## Work instructions
Copy the data precisely, character for character, and leave out every picture.

## Data shown
- Opening Delimiter -
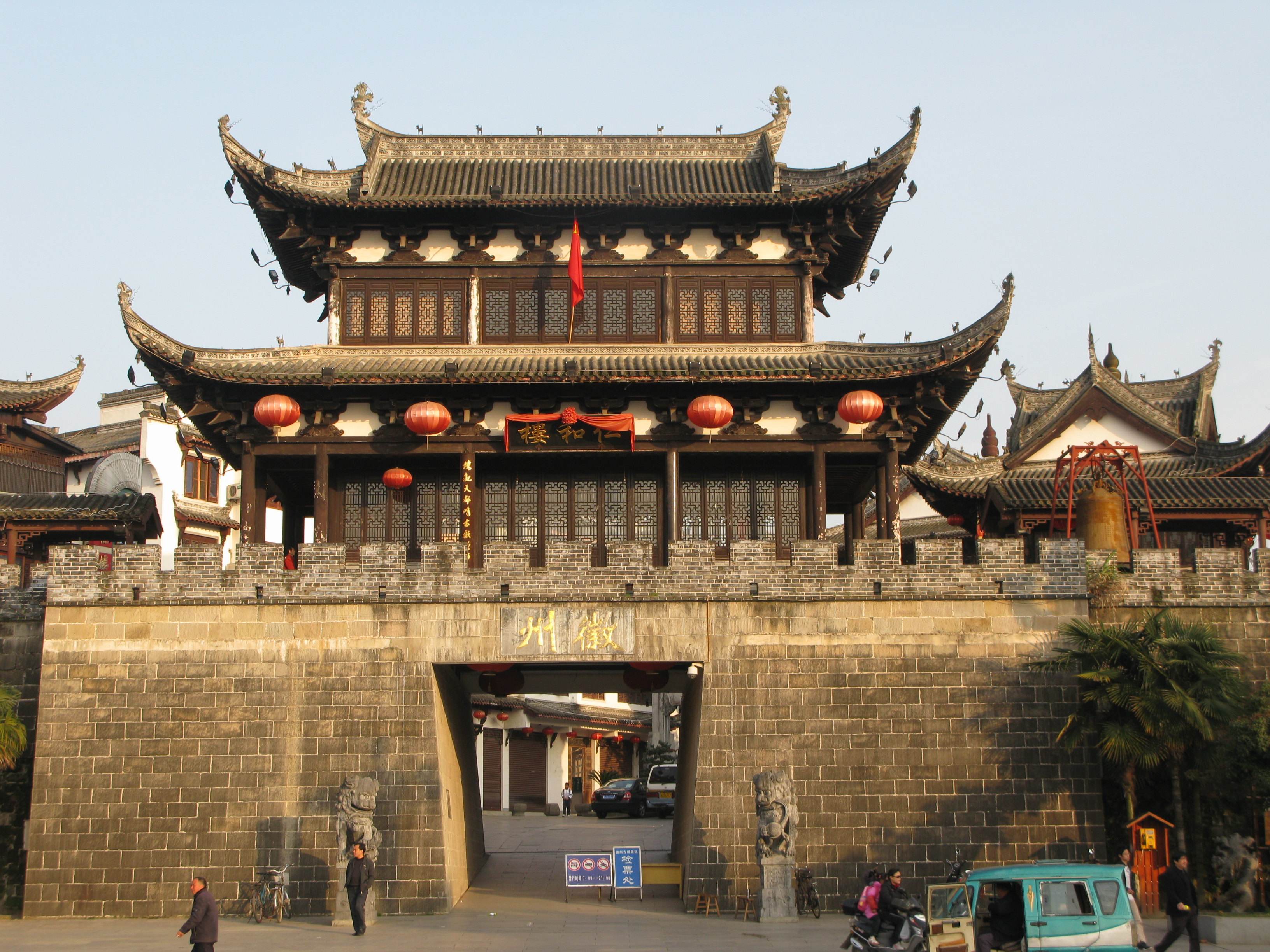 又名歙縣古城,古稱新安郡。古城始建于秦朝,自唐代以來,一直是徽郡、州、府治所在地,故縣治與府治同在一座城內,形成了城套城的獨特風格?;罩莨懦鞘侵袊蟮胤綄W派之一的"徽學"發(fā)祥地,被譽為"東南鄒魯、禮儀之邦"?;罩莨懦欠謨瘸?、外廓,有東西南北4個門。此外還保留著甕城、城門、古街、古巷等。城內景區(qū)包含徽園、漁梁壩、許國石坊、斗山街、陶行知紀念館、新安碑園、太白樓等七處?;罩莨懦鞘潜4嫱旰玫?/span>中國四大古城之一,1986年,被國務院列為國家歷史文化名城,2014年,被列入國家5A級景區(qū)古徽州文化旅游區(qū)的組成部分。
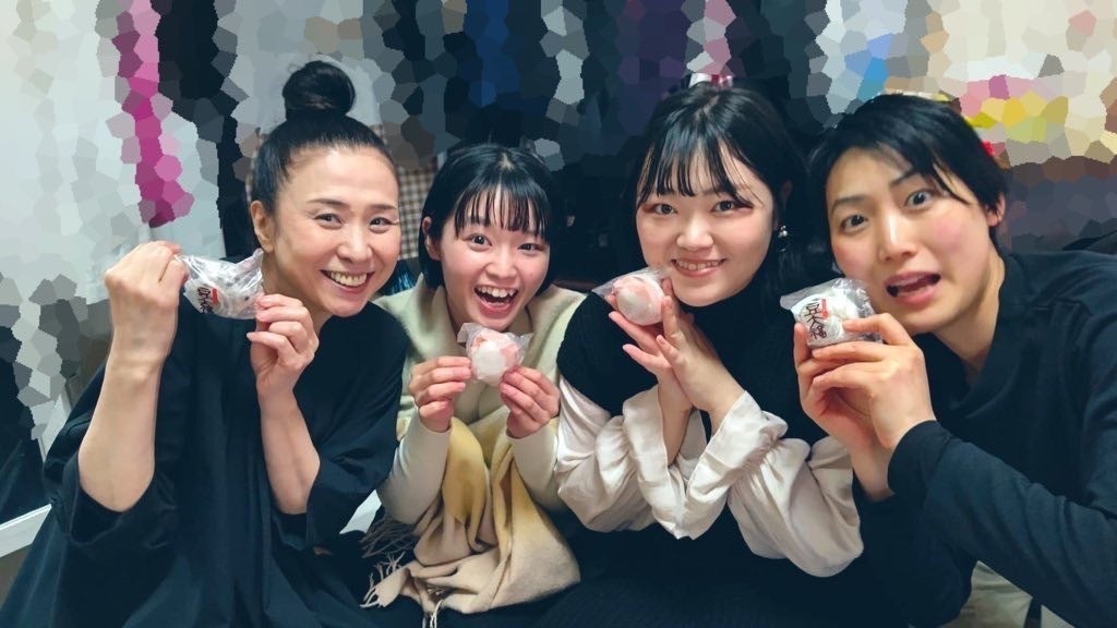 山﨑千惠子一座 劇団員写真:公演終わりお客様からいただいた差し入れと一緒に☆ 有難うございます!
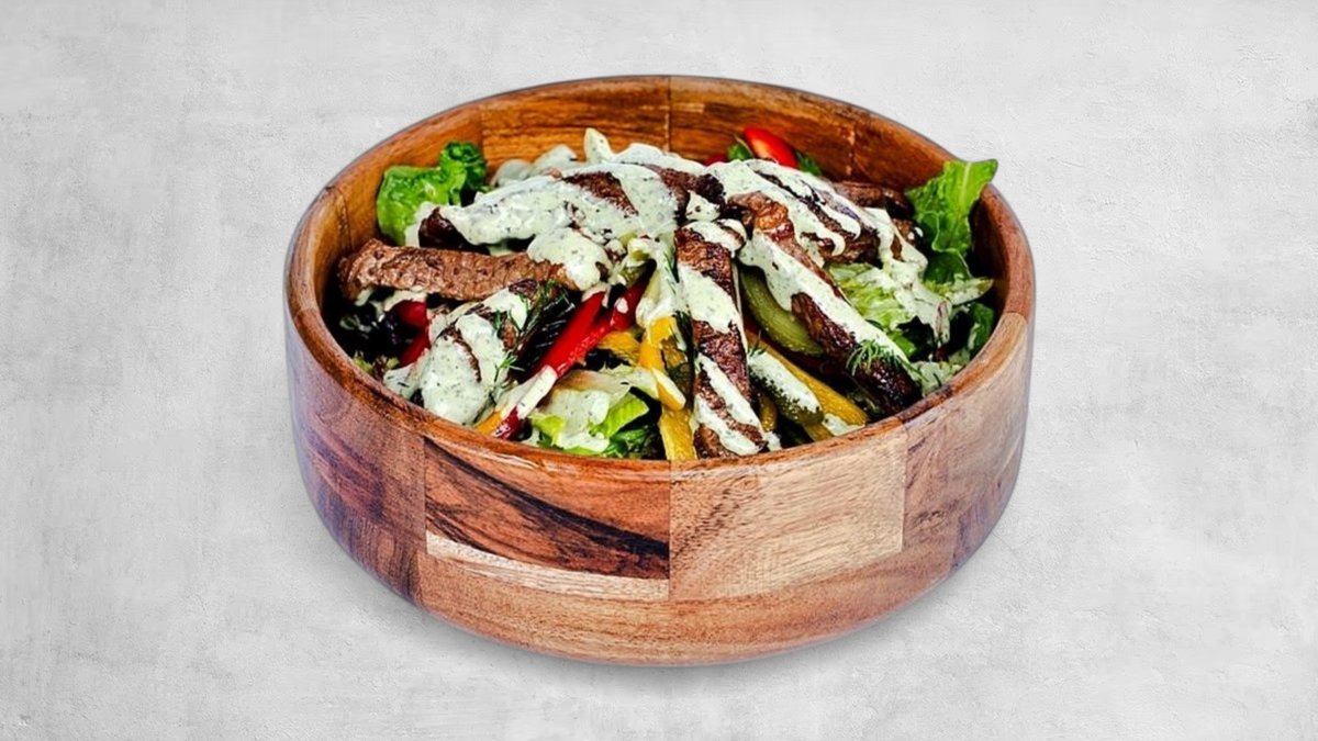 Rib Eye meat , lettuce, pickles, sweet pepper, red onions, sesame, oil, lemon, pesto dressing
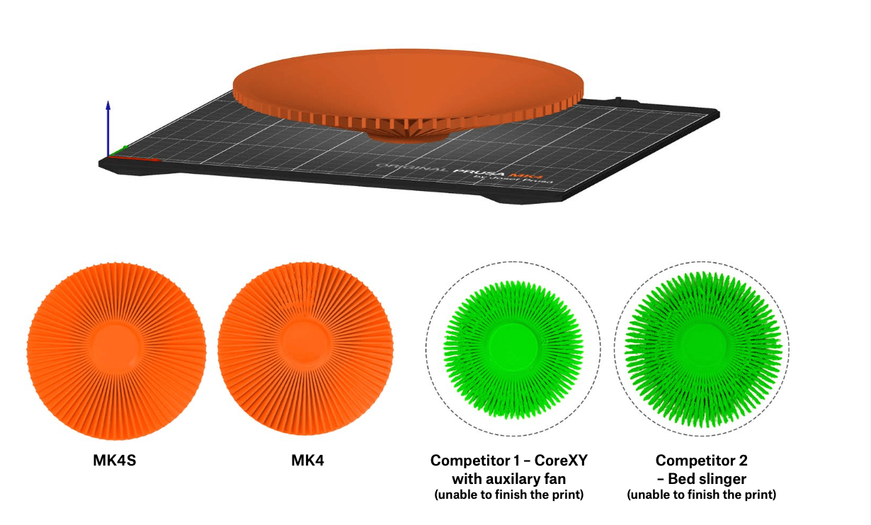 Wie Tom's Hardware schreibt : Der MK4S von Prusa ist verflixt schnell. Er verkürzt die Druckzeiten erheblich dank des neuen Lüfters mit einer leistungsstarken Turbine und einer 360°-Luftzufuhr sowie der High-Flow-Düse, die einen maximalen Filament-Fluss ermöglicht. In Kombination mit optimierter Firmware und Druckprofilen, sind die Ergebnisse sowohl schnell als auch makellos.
- Closing Delimiter -
## Output of the exercise
 又名歙縣古城,古稱新安郡。古城始建于秦朝,自唐代以來,一直是徽郡、州、府治所在地,故縣治與府治同在一座城內,形成了城套城的獨特風格?;罩莨懦鞘侵袊蟮胤綄W派之一的"徽學"發(fā)祥地,被譽為"東南鄒魯、禮儀之邦"?;罩莨懦欠謨瘸?、外廓,有東西南北4個門。此外還保留著甕城、城門、古街、古巷等。城內景區(qū)包含徽園、漁梁壩、許國石坊、斗山街、陶行知紀念館、新安碑園、太白樓等七處?;罩莨懦鞘潜4嫱旰玫?/span>中國四大古城之一,1986年,被國務院列為國家歷史文化名城,2014年,被列入國家5A級景區(qū)古徽州文化旅游區(qū)的組成部分。
 山﨑千惠子一座 劇団員写真:公演終わりお客様からいただいた差し入れと一緒に☆ 有難うございます!
 Rib Eye meat , lettuce, pickles, sweet pepper, red onions, sesame, oil, lemon, pesto dressing
 Wie Tom's Hardware schreibt : Der MK4S von Prusa ist verflixt schnell. Er verkürzt die Druckzeiten erheblich dank des neuen Lüfters mit einer leistungsstarken Turbine und einer 360°-Luftzufuhr sowie der High-Flow-Düse, die einen maximalen Filament-Fluss ermöglicht. In Kombination mit optimierter Firmware und Druckprofilen, sind die Ergebnisse sowohl schnell als auch makellos.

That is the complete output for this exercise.